The Freedom Monument Sculpture Park honors the millions of people who were enslaved in the United States and their descendants' ongoing fight for equality. The 17-acre park features sculptures hewed by a mix of world-renowned and emerging artists chosen by Bryan Stevenson, the executive director of the Equal Justice Initiative.
Stevenson, 64, is an acclaimed Harvard-educated lawyer, author and social justice activist. His work has led to "reversals, relief, or release from prison for over 140 wrongly condemned prisoners on death row," according to the Equal Justice Initiative.
And in recent years he's worked to memorialize the legacy of enslaved people, Jim Crow and racial injustice in America through the Equal Justice Initiative's Legacy Sites in Montgomery.
"We wanted to create a space that could talk honestly about the lives of enslaved people," Stevenson said of the sites. "We want to document it all."
At the heart of the park is the National Monument to Freedom, a 43-foot-tall terracotta-colored wall that displays the more than 122,000 last names of the newly freed Black Americans recorded in the 1870 U.S. Census.
That census was the first to list the surnames of the formerly enslaved following the ratification of the Emancipation Proclamation in 1865.
"A surname reflects legacy," he said. "It reflects status. It reflects that you are someone capable of creating your own space in the world, leaving your own mark on the world, something that was denied to enslaved people."

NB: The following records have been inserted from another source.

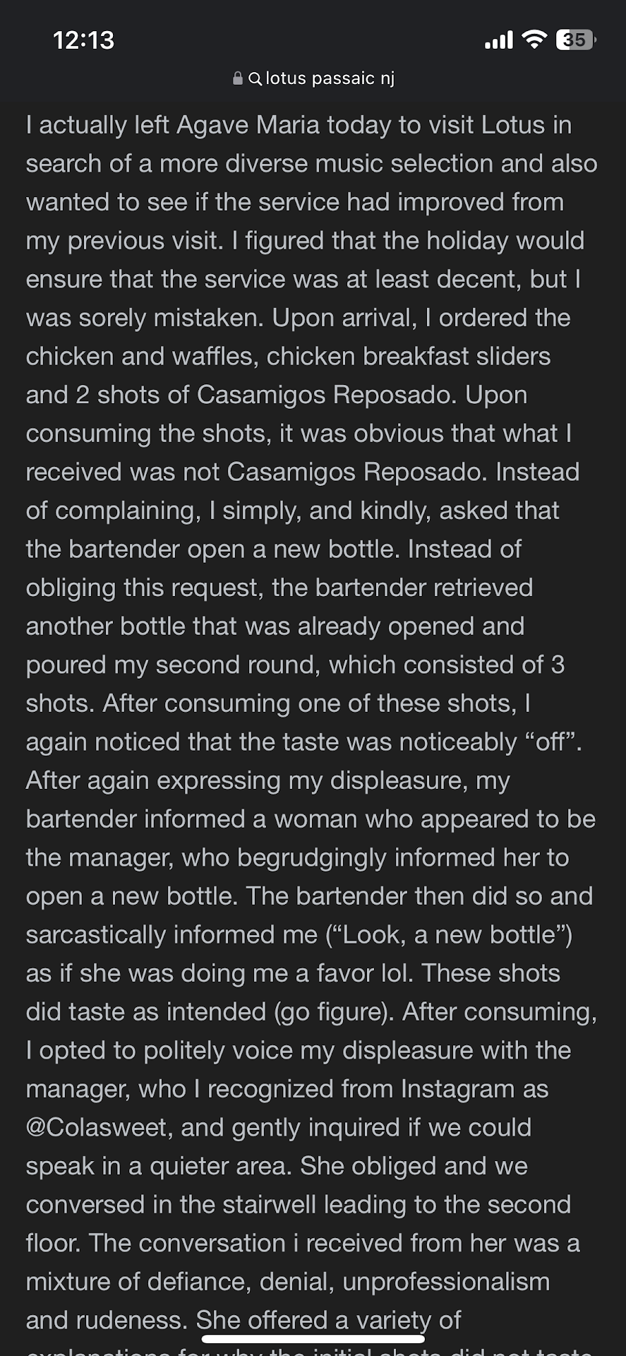 Edit: 5/28/24: I usually wouldn't engage in a back and forth on the Internet, but I would like to reply to your response to my review. I won't insult you and label you a liar (as I could), but your response is a lie in its entirety, and it is honestly shameful lol. I never called anyone (neither you nor the bartender) that term, as you claimed in your response. Your business practices are subpar and are an unfortunate reflection of who you are as a manager/operator and unfortunately, a person. All I asked was to have my shots poured from a fresh bottle. Instead of doing so, the bartender got another, already-opened bottle that had the same "odd" taste to it, these are facts. You and I both know that Don has replaced Casamigos as the "it" tequila right now and those bottles that my shots were poured from were either old, potentially tainted through unknown means (you even admitted the possibility), or likely reserved only for mixed drinks and customers simply can't tell the difference. The place was empty, which provided a perfect opportunity for your staff to ensure that my party was shown a reasonable amount of attention and courtesy. Instead, a simple request was ignored and handled dishonestly. This interaction likely would've never happened if I had my shots poured from a new bottle like I (politely) asked. I would've ignored the Eggos, the horrible sliders, the fact that I was informed hookah was available only to later find out that it wasn't and the 20% gratuity that was automatically applied to my bill despite the absolutely terrible service and overall experience. Your response to me prioritized you making up an entirely fictional scenario instead of addressing the valid claims related to the service like a true manager would do lol. This is no surprise, as all of the reviews that aren't favorable seem to have been given the same nasty responses. You do this because you are trying to ignore that this establishment has clear deficiencies. Furthermore, its comical that you spent time looking me up on the net in an attempt to defame me or invalidate my claims. It is also laughable that you would think I would waste my time trying to get "free booze". Truthfully, a claim like that is pitiful and isn't worth the time I spent typing that previous sentence. I also won't give you the satisfaction of making this a race thing because that's just lazy lol. This place describes itself as "upscale" on your website. I didn't give Lotus this label, you all did. The service simply does not match this self-applied label, this is yet another fact. Truthfully, I've wasted enough time addressing this and should've just been happy with only being charged for 2 of the shots, even though that should've been a given. I hope that God frees you from your anger, frustration and deceptive ways and that your business makes needed improvements to achieve (and maintain) the success that you desire. I also wish you a swift recovery from your foot injury. Be well.
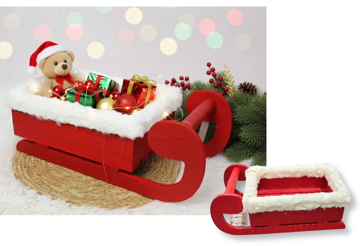 Dekoracja świąteczna SANIE drewniane z futerkiem CZERWONE 35x17x13 cm
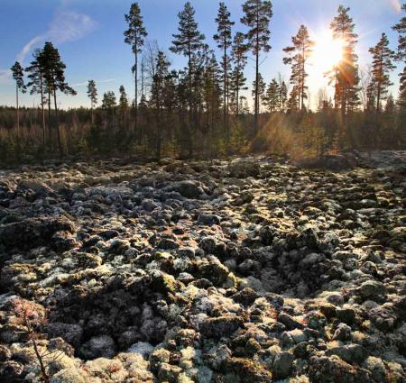 Fornminne, två av ett tjugotal fångstgropar på Knapulberget i Österhankmo. Fyndplatsen på 27,5 metersnivå bör tolkas som sälfångstläger några hundra år före Kristus. Foto Mikael Herrgård.

Stevenson says he designed the 155-foot-long wall to look like an open book.
Before emancipation, enslaved people were recorded as property. In most cases, those records did not include last names; instead, they included first names and monikers given to enslaved people by their enslavers.
When the formerly enslaved were legally permitted to choose their last names, only 40% chose the last names of their former enslavers — possibly to maintain familial connections, according to Stevenson.
Others chose names connected to historical figures, acquaintances, or people in their lives, according to researchers. The most common last names chosen in the 1870 census were – Johnson, Smith, Williams, Jones and Brown, according to Equal Justice Initiative'a analysis of census records.
A winding path leads visitors though a garden of artifacts. Life-sized sculptures of a woman and children in a cotton field are paired with a sculpture of a chromed arm holding a police baton. Stevenson says the park is designed to tell a continuous story, instead of detached installations. He added the park is part of a "path to something better."
"What sculptors and artists have helped us do is to depict the brutality of slavery but the humanity of the enslaved," Stevenson said.
The Equal Justice Initiative's National Memorial for Peace and Justice opened in 2018. It captures the brutality and the scale of lynchings throughout the American South. More than 4,000 Black men, women and children were killed by white mobs between 1877 and 1950. Most were in response to perceived infractions – walking behind a white woman, attempting to quit a job, reporting a crime or organizing sharecroppers, CNN previously reported.
In 2021, the Legacy Museum expanded and opened a new space to tell the story of racial injustice from enslavement to mass incarceration. Visitors can listen to first person accounts of both.
"I think to know that you are the heir of people who found a way to survive, who found a way to overcome all of the hardship who found a way …. to love in the midst of all of this is something that, that should generate pride," Stevenson said.